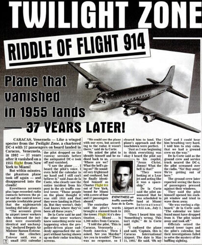 Theo ********* dịch tin, một chiếc máy bay mang số hiệu 914, cất cánh từ New York tới Miami vào năm 1955 đã bất ngờ xuất hiện ở Venezuela năm 1992. Đáng nói, khi hỏi phi cơ và các hành khách trên chuyến bay, họ lại nói như thể chỉ mới trên bầu trời vài giờ chứ không phải là 37 năm.
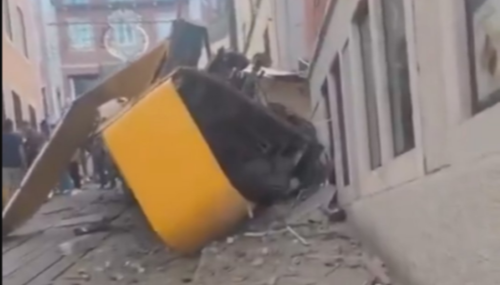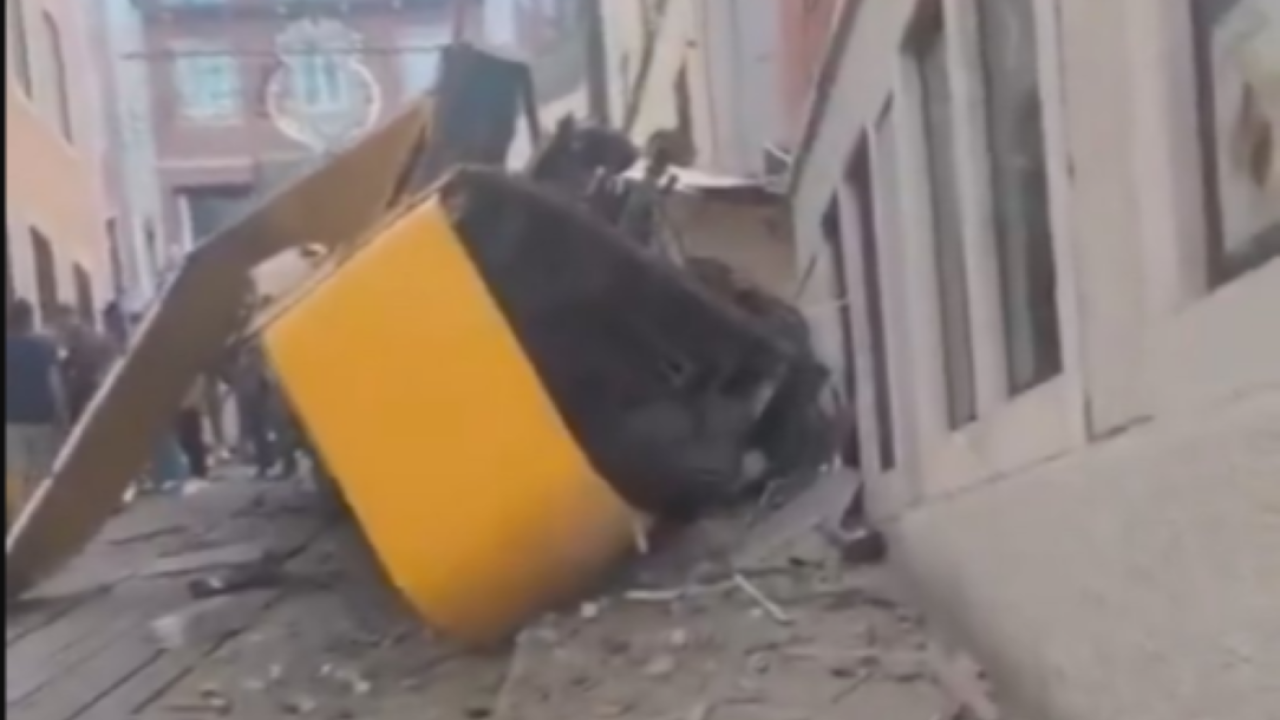 Posnetki z območja nesreče prikazujejo uničeno rumeno vzpenjačo, podobno tramvaju, ki je vozila potnike po strmem klancu portugalske prestolnice. Ostala je v položaju, ko je iztirila in se zaletela v stavbo.
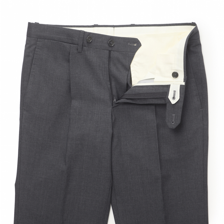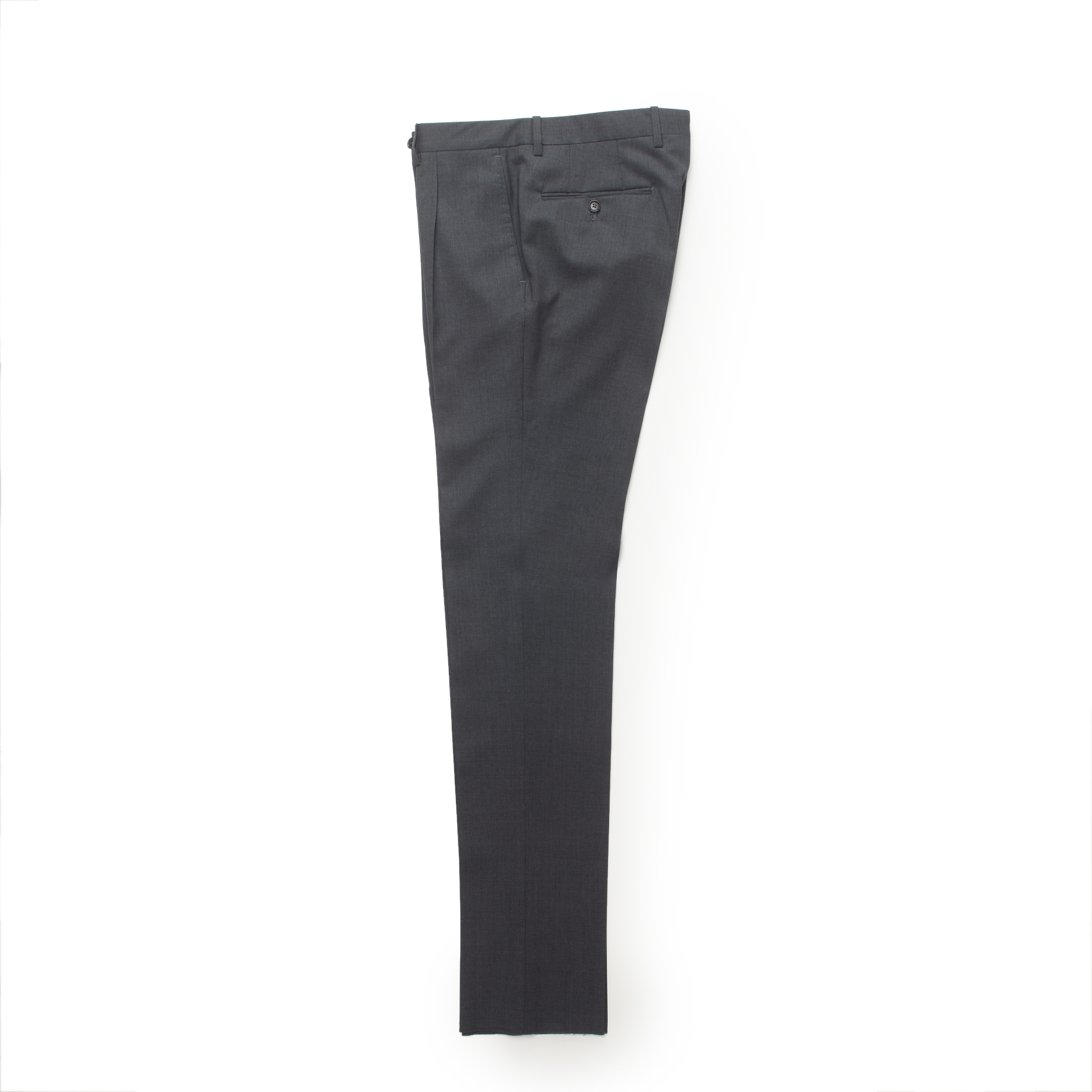 ・パンツはスリム1プリーツモデルをセレクト。「De Petrillo(デ ペトリロ)」の中で最も細いノープリーツモデルB/Sより腰周りにややゆとりはありますが、ワタリや裾幅はスリムでテーパード感の強いモダンなシルエットです。
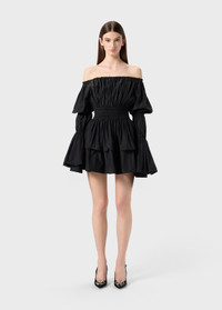 short dress in shiny technical fabric with ruffle design, off-shoulder neckline, gathered detail at the waist and on the sleeves. - Shiny technical fabric - Ruffle design - Wide neckline that can also be off-shoulder - Long puff sleeves with gathering - Gathered details at the waist - Wide hem - Inner lining - Mini length - Regular fit - Made in Italy DETAILS To find the correct size for you, please consult the Size Guide. Composition: Main fabric: 52% polyester, 48% cotton; Main lining: 100% polyamide Wash delicate cycle max 30°C; Do not bleach; Do not tumble dry; Iron at low temperature - no steam; Dry clean with tetrachloroethylene or hydrocarbons - gentle cycle; Wash inside out; Gentle spin; Iron inside out

• About this exercise:
From the first line to the last, set down the data exactly, without the pictures.

• Written response:
 Theo ********* dịch tin, một chiếc máy bay mang số hiệu 914, cất cánh từ New York tới Miami vào năm 1955 đã bất ngờ xuất hiện ở Venezuela năm 1992. Đáng nói, khi hỏi phi cơ và các hành khách trên chuyến bay, họ lại nói như thể chỉ mới trên bầu trời vài giờ chứ không phải là 37 năm.
 Posnetki z območja nesreče prikazujejo uničeno rumeno vzpenjačo, podobno tramvaju, ki je vozila potnike po strmem klancu portugalske prestolnice. Ostala je v položaju, ko je iztirila in se zaletela v stavbo.
 ・パンツはスリム1プリーツモデルをセレクト。「De Petrillo(デ ペトリロ)」の中で最も細いノープリーツモデルB/Sより腰周りにややゆとりはありますが、ワタリや裾幅はスリムでテーパード感の強いモダンなシルエットです。
 short dress in shiny technical fabric with ruffle design, off-shoulder neckline, gathered detail at the waist and on the sleeves. - Shiny technical fabric - Ruffle design - Wide neckline that can also be off-shoulder - Long puff sleeves with gathering - Gathered details at the waist - Wide hem - Inner lining - Mini length - Regular fit - Made in Italy DETAILS To find the correct size for you, please consult the Size Guide. Composition: Main fabric: 52% polyester, 48% cotton; Main lining: 100% polyamide Wash delicate cycle max 30°C; Do not bleach; Do not tumble dry; Iron at low temperature - no steam; Dry clean with tetrachloroethylene or hydrocarbons - gentle cycle; Wash inside out; Gentle spin; Iron inside out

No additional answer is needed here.